L’impatto europeo degli investimenti
Questa rinnovata forza d’urto economica si lega indissolubilmente alle ambizioni dei club nelle competizioni europee. Spesso, l’andamento del mercato influenza direttamente le percezioni sulla forza delle rose, un dato che si riflette chiaramente nell’analisi delle quote scommesse Champions League, dove i club italiani hanno visto migliorare sensibilmente il proprio posizionamento tra i favoriti. Come confermato anche dai report ufficiali della UEFA, il miglioramento del ranking e la stabilità dei ricavi da stadio hanno permesso alle italiane di tornare a investire con una fiducia che non si vedeva da tempo.
Il peso degli ingaggi e la sostenibilità
Investire non significa solo pagare il cartellino.

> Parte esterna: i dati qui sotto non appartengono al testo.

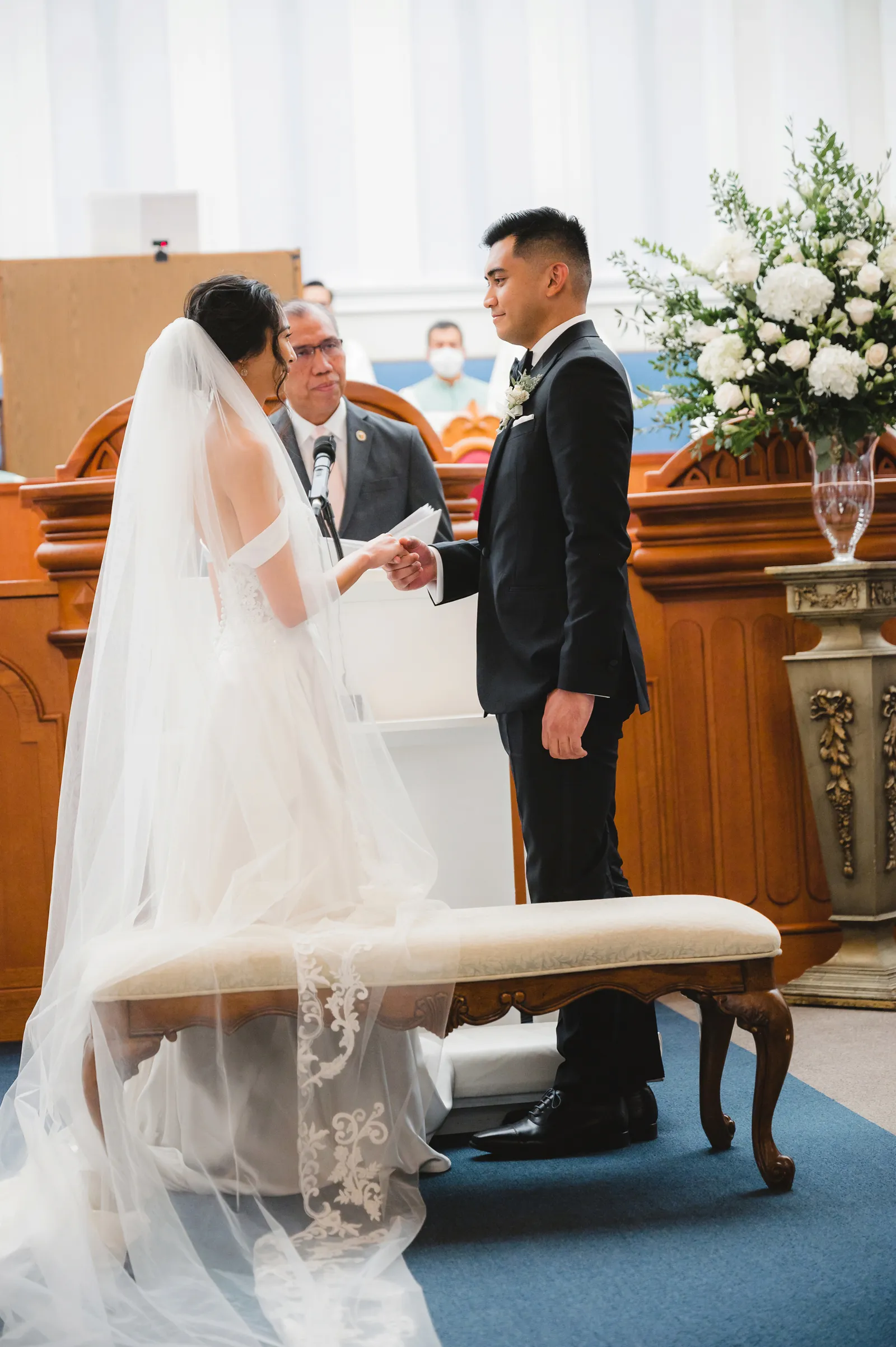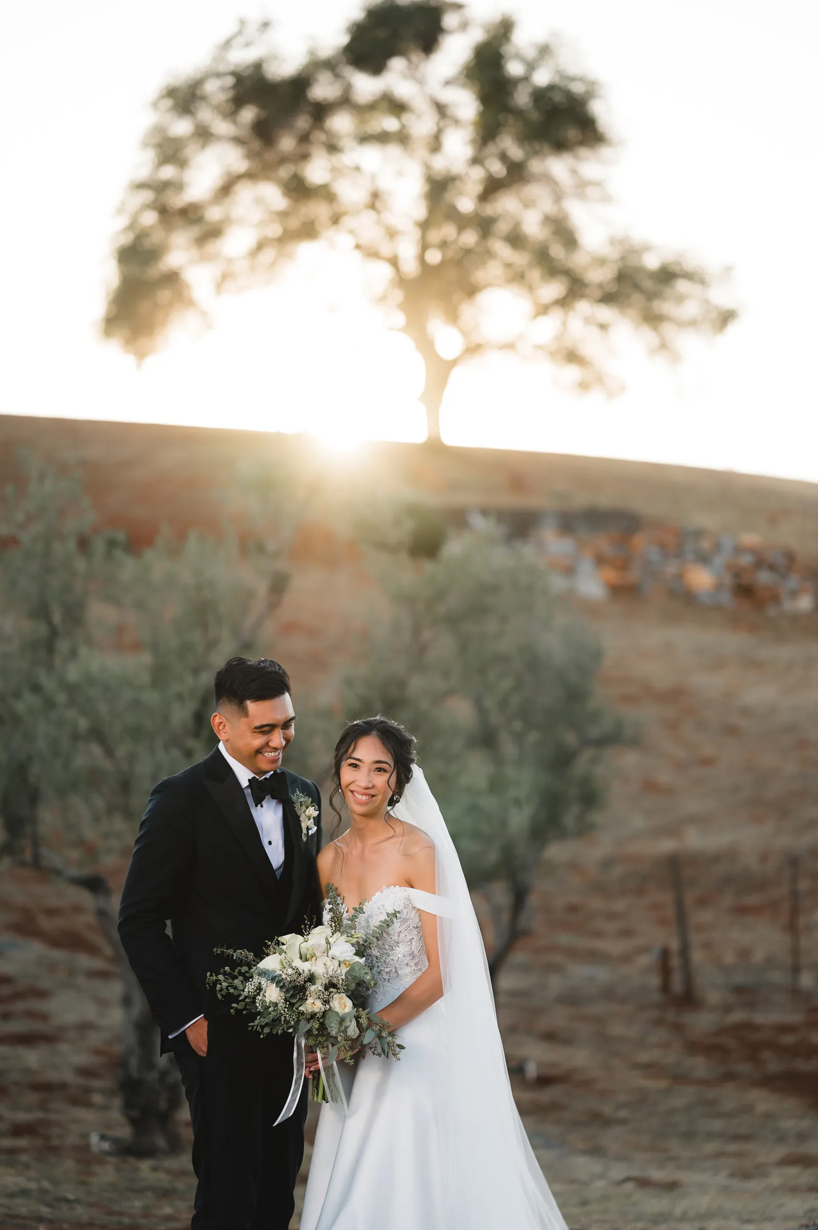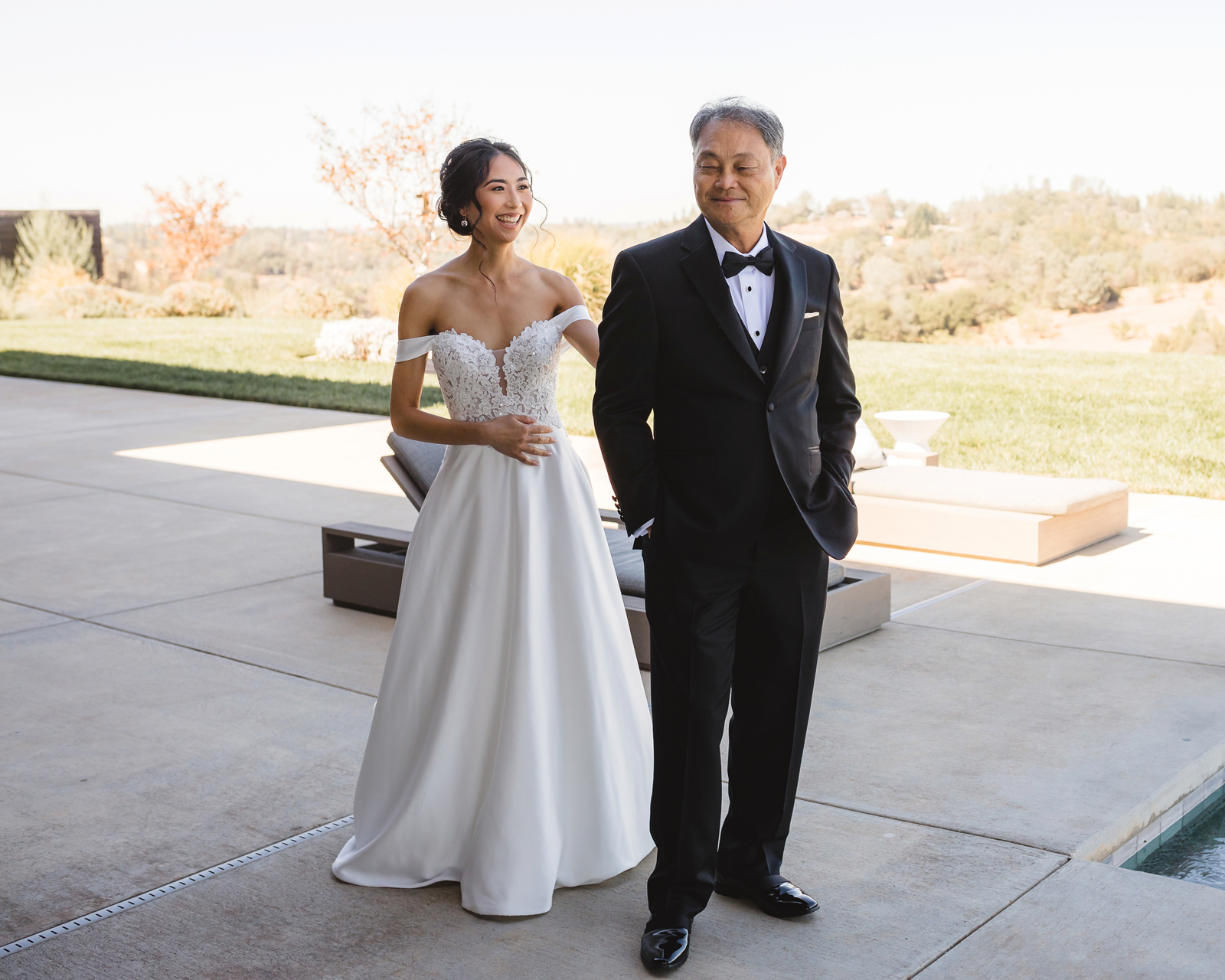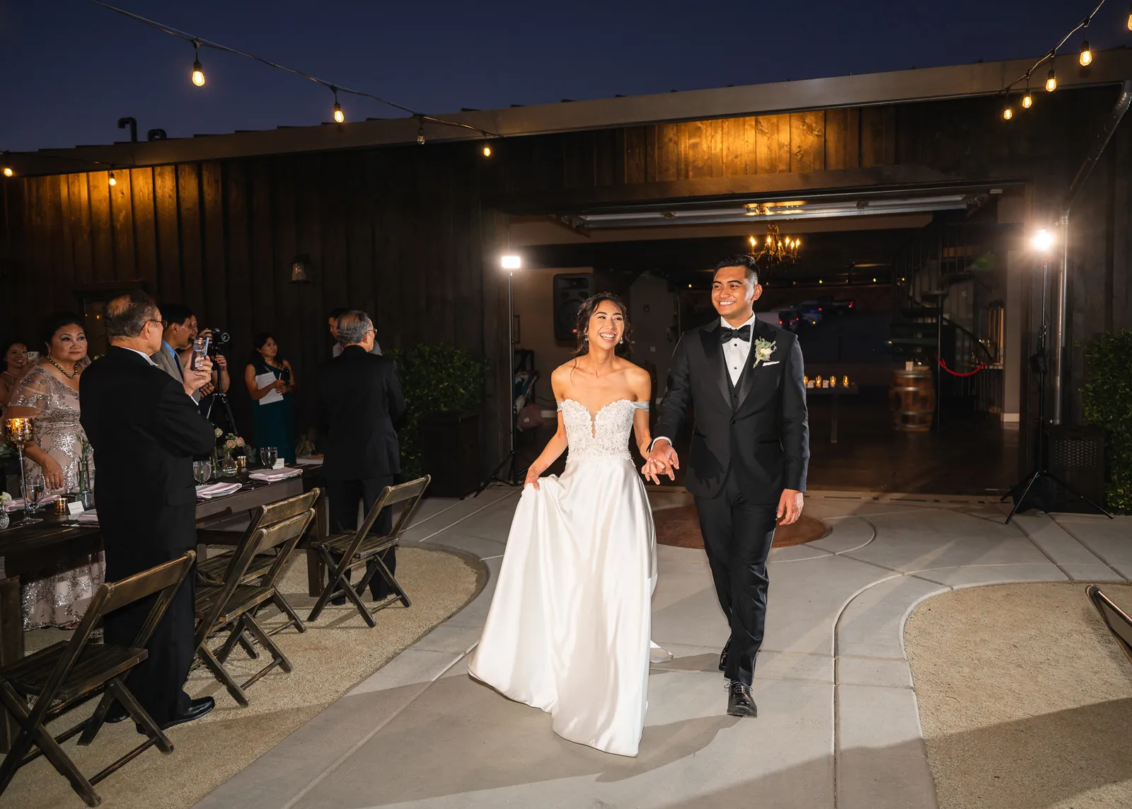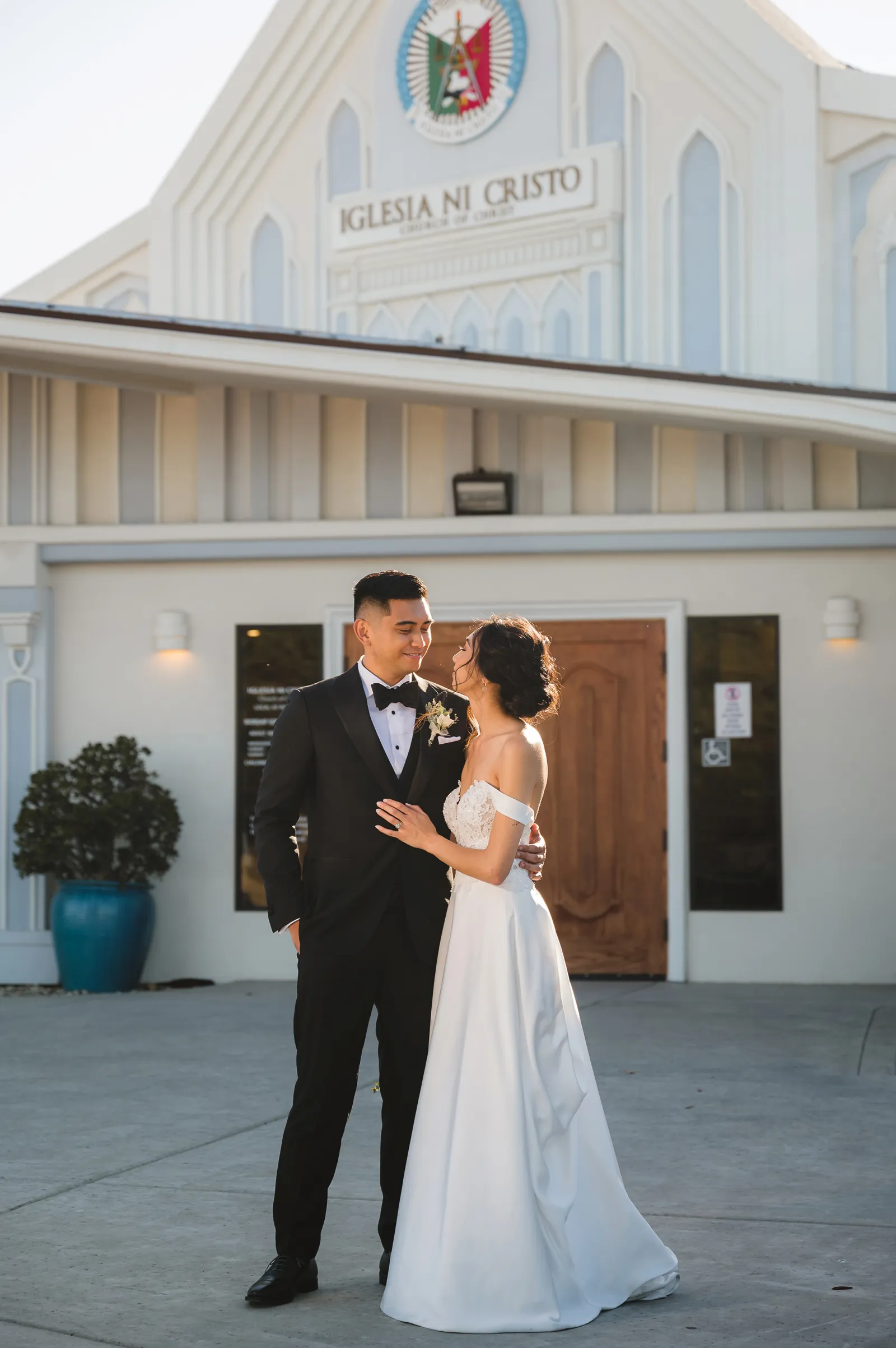 We were both at a community event, and Madeline was the stage host. She took a quick 5-minute bite for dinner. She was literally stuffing her face when a man came out from the crowd and said, “Hi” with a huge smile. She looked up, said “Hi!” and left to jump back up on stage. That stranger was Leandro. It’s not his usual character to walk up to pretty girls and say hi, but something gave him the urge to do it anyway. A month later, a mutual friend asked Madeline to reach out to “some guy” on social media so she could include him in future events. That “some guy” was Leandro. We messaged every once in a while, saw each other here and there, and a few months later hung out at get-togethers with mutual friends. We ended up bonding over hikes, star gazing, painting, and dock crabbing. Next thing we knew, we “fell in friends”. Just seven days before Madeline was moving to another state, we ended up having a talk and realized we’ve developed feelings for each other. But we both decided to give each other time to figure out what we wanted to do, and we can talk about it at the end of the week. Leandro had a rule to not do long distance relationships. But he didn’t need the whole week to decide that he wanted to be involved with Madeline. The next day, he told her that he wanted to give it a try. We dated for less than a week, then Madeline moved. Even though we were in different states, we stayed exclusive, and Leandro eventually moved too – near Madeline. After a few months in the relationship, Leandro told her that he was the stranger who walked out from the crowd to say hello. She can’t believe she doesn’t remember when she first met the love of her life! [For the proposal], it was a Friday night, and Madeline’s family was getting together for a family photo shoot for her mom’s birthday. When she arrived, she started working on a project that she had to redo and submit that night. Madeline’s sister went to get her from the other room for the family photos. Madeline follow her out to a silent house (that’s because she was being led to the backyard where their dad’s hand-built gazebo was covered with curtain lights, wisteria, and flowers). It wasn’t a family photo shoot at all, but a surprise proposal. Leandro planned an amazing and beautiful proposal with the help of Madeline’s family. Her sisters came up with a cover story that it was for their mom’s birthday photos, and her brother-in-law had one camera angle while another was set up for a different angle. Her whole family was in on it. Madeline, shocked and frozen in place, saw Leandro in a suit, all handsome, and cold after secretly waiting outside on a cold November night for over an hour! But he warmed up when he saw her appear from the two French doors. Leandro’s big and happy smile made Madeline’s heart skip. He waved her over and she stepped out. She had on a black cocktail dress, undone hair (“It was supposed to be mom’s moment, not mine!”) and tan rubber flip-flops on! That’s what happens when you get surprised! [For the wedding planning], we shared ideas and really wanted to make it a day for both of us. Neither of us had specific ideas coming into our engagement, but we discussed all of the details and agreed on everything. We both stayed involved from beginning to end, and at the end of the day, we had a great time celebrating our wedding day with the closest of family and friends in our specific L&M style.

Il vero sforzo dei club nel 2025 è stato gestire il monte ingaggi in un’era di inflazione salariale. Mentre si discute dei contratti milionari dei top player maschi, il dibattito si è esteso anche ad altre realtà del settore. Nasce così la curiosità su quanto guadagnano le calciatrici di Serie A, specialmente dopo che il passaggio al professionismo ha prodotto i primi frutti in termini di tutele e stipendi minimi garantiti, pur restando lontano dai volumi del settore maschile.
Prospettive per il 2026
Mentre ci avviamo verso la parte finale della stagione 2025/2026, gli investimenti massicci del 2025 rappresentano l’inizio di un nuovo ciclo. La Serie A ha capito che per competere con i colossi europei serve investire nel talento in modo intelligente. La crescita dei ricavi commerciali e la riforma dei diritti TV offrono una base solida su cui costruire, e i club hanno investito con una visione a lungo termine, puntando su asset che possano garantire sia risultati sportivi che plusvalenze future. Il calcio italiano non è più solo la “terra dei parametri zero”, ma un campionato dove si torna a investire con coraggio, per un possibile Rinascimento del movimento calcistico italiano.